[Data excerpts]
::::
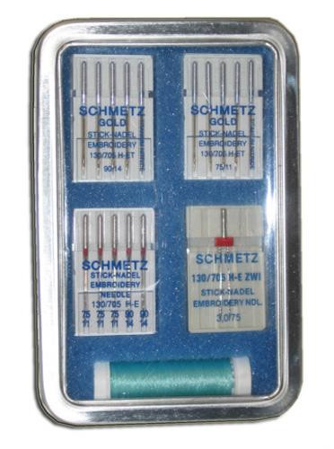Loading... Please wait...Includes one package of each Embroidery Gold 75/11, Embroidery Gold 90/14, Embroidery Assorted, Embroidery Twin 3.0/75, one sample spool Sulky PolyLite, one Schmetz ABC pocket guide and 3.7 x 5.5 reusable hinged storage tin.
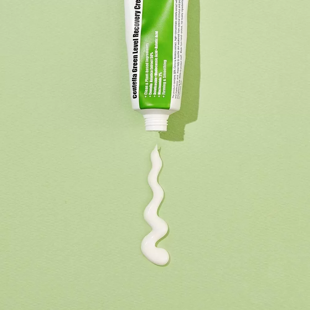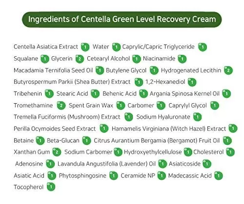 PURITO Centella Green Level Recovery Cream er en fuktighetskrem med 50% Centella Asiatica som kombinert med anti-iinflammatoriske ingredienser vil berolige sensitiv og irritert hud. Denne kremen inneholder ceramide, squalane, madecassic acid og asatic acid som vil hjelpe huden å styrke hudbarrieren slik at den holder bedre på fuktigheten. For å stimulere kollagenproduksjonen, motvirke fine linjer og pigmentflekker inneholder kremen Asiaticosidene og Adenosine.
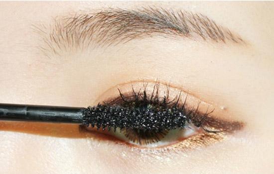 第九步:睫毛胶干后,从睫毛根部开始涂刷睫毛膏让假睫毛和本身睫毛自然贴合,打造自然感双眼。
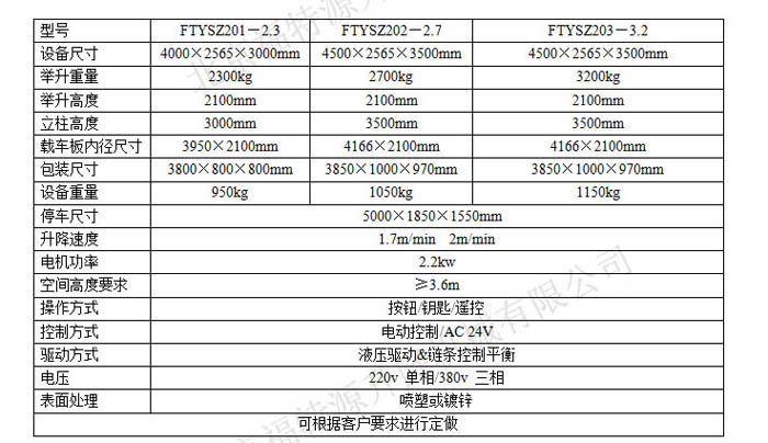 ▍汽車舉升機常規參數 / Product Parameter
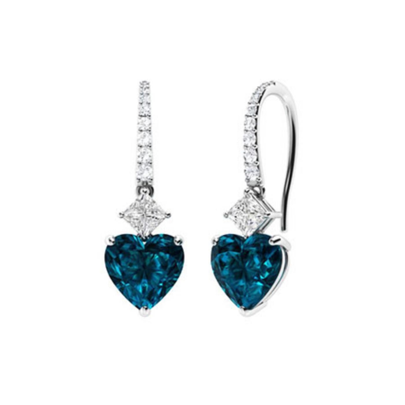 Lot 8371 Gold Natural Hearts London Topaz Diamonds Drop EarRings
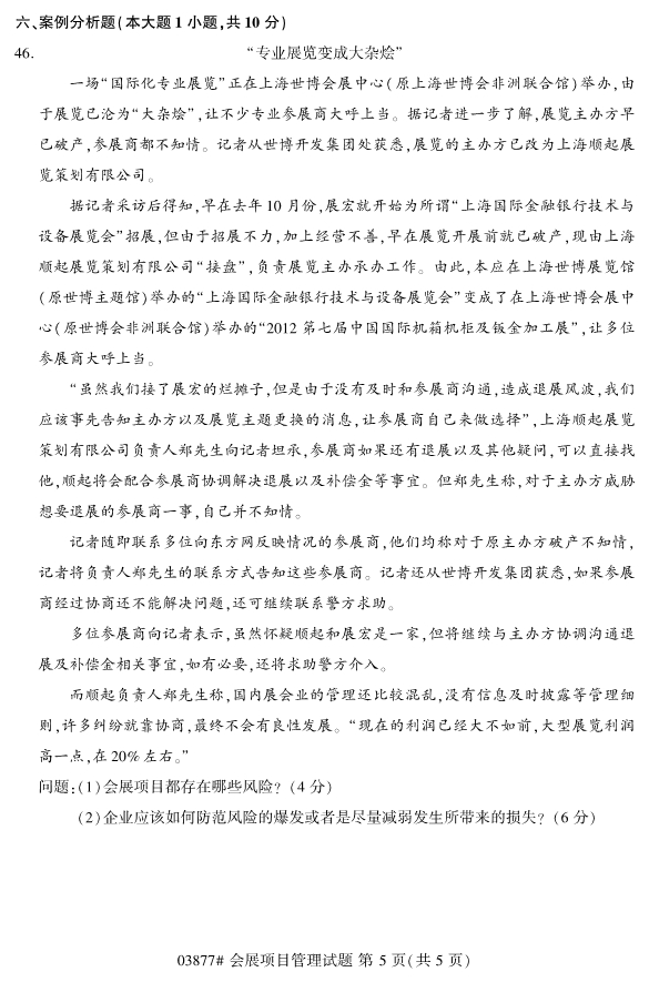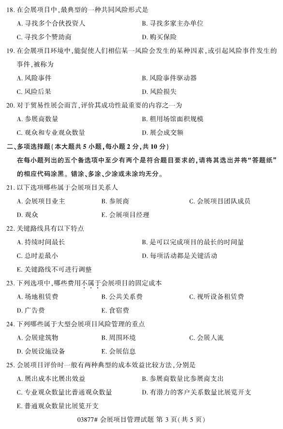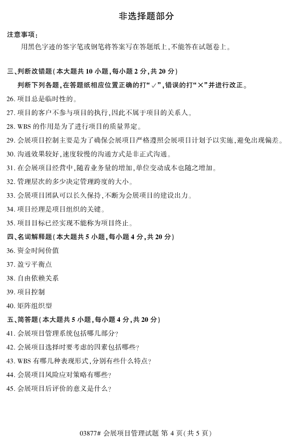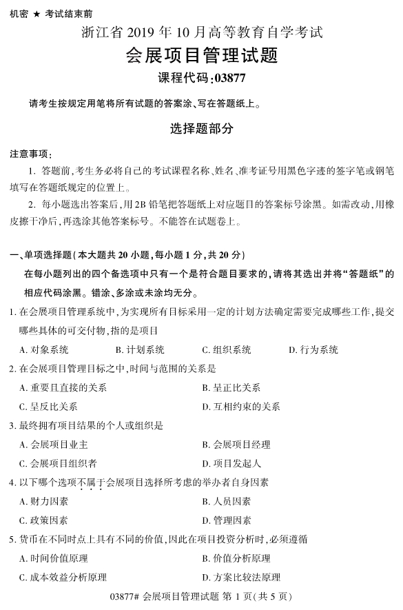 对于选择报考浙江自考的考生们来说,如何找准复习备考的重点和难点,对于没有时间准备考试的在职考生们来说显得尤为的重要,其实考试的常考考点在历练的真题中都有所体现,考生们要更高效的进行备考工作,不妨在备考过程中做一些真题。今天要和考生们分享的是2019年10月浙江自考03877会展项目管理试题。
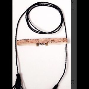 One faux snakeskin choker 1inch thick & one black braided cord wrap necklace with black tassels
::::
Prompt: In the copy, include exactly the lines from the one containing "第九步:睫毛胶干后,从睫毛根" through the last line of the records, and no pictures or other text.

Output below:
 第九步:睫毛胶干后,从睫毛根部开始涂刷睫毛膏让假睫毛和本身睫毛自然贴合,打造自然感双眼。
 ▍汽車舉升機常規參數 / Product Parameter
 Lot 8371 Gold Natural Hearts London Topaz Diamonds Drop EarRings
 对于选择报考浙江自考的考生们来说,如何找准复习备考的重点和难点,对于没有时间准备考试的在职考生们来说显得尤为的重要,其实考试的常考考点在历练的真题中都有所体现,考生们要更高效的进行备考工作,不妨在备考过程中做一些真题。今天要和考生们分享的是2019年10月浙江自考03877会展项目管理试题。
 One faux snakeskin choker 1inch thick & one black braided cord wrap necklace with black tassels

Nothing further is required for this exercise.